*TASK BRIEF*.
Only the pictures are to be dropped; return all other data below exactly.

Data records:
* * * * * * * * *

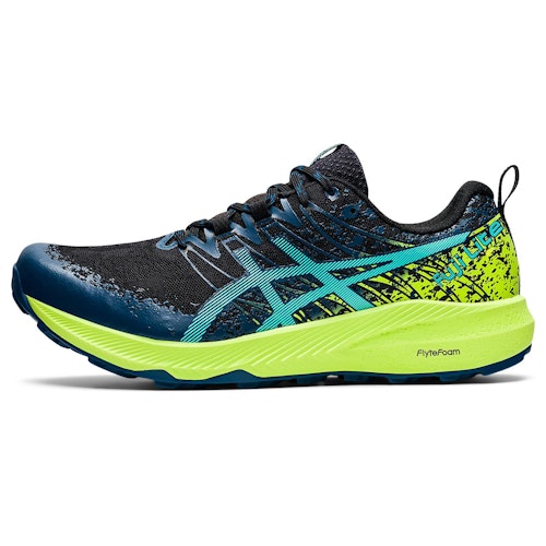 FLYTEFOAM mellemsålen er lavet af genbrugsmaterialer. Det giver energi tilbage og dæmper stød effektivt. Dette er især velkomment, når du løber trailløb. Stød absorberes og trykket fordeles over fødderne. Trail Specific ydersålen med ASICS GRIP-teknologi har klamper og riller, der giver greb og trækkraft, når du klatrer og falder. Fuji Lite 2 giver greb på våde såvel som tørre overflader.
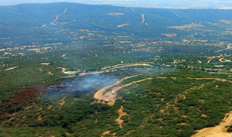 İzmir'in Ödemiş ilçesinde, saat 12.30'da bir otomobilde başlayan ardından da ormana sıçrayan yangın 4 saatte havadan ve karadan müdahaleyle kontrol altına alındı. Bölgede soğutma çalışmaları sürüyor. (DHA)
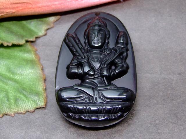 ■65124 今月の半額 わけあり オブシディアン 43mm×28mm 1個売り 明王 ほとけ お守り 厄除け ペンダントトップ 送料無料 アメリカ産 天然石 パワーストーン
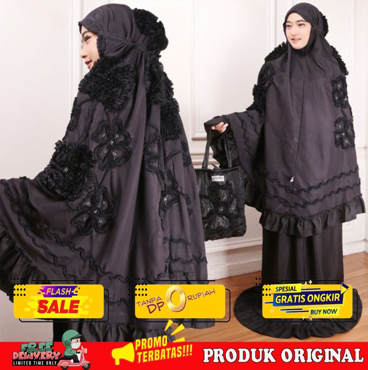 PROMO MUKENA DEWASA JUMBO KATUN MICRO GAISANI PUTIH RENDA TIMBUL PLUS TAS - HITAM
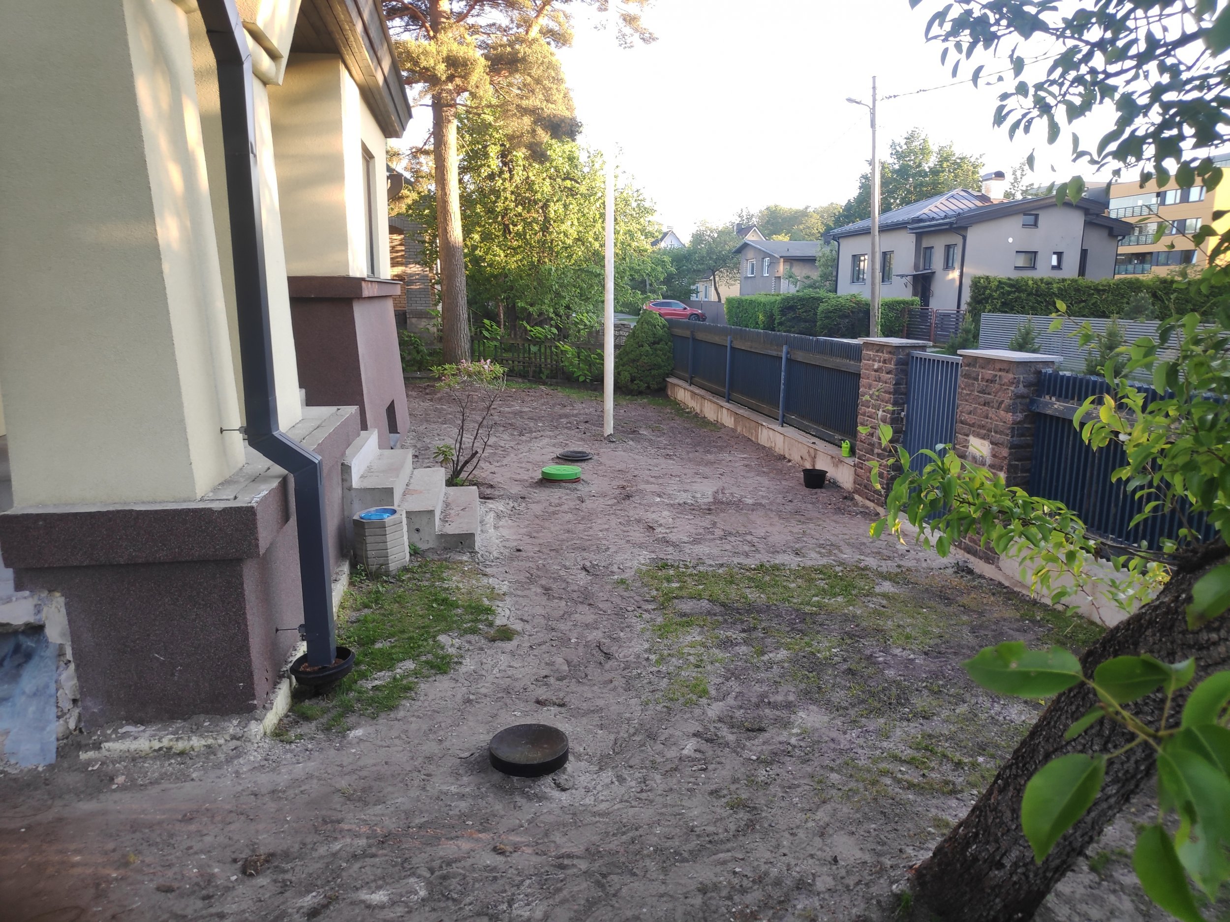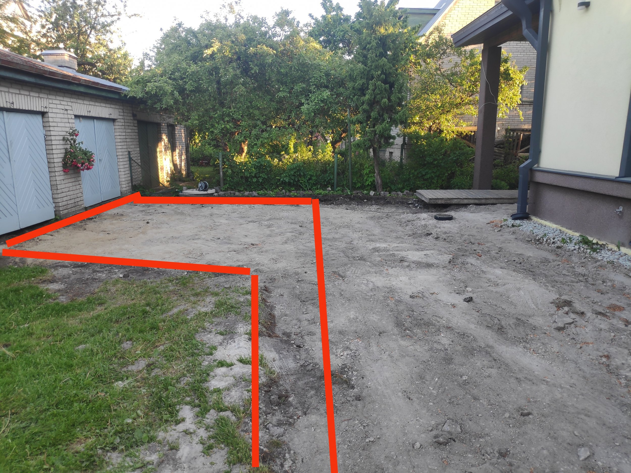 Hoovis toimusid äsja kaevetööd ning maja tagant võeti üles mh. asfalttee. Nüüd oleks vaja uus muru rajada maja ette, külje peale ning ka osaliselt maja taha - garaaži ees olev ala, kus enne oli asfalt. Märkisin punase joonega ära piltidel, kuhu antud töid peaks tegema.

* * * * * * * * *

*EXERCISE RESULT*.
 FLYTEFOAM mellemsålen er lavet af genbrugsmaterialer. Det giver energi tilbage og dæmper stød effektivt. Dette er især velkomment, når du løber trailløb. Stød absorberes og trykket fordeles over fødderne. Trail Specific ydersålen med ASICS GRIP-teknologi har klamper og riller, der giver greb og trækkraft, når du klatrer og falder. Fuji Lite 2 giver greb på våde såvel som tørre overflader.
 İzmir'in Ödemiş ilçesinde, saat 12.30'da bir otomobilde başlayan ardından da ormana sıçrayan yangın 4 saatte havadan ve karadan müdahaleyle kontrol altına alındı. Bölgede soğutma çalışmaları sürüyor. (DHA)
 ■65124 今月の半額 わけあり オブシディアン 43mm×28mm 1個売り 明王 ほとけ お守り 厄除け ペンダントトップ 送料無料 アメリカ産 天然石 パワーストーン
 PROMO MUKENA DEWASA JUMBO KATUN MICRO GAISANI PUTIH RENDA TIMBUL PLUS TAS - HITAM
 Hoovis toimusid äsja kaevetööd ning maja tagant võeti üles mh. asfalttee. Nüüd oleks vaja uus muru rajada maja ette, külje peale ning ka osaliselt maja taha - garaaži ees olev ala, kus enne oli asfalt. Märkisin punase joonega ära piltidel, kuhu antud töid peaks tegema.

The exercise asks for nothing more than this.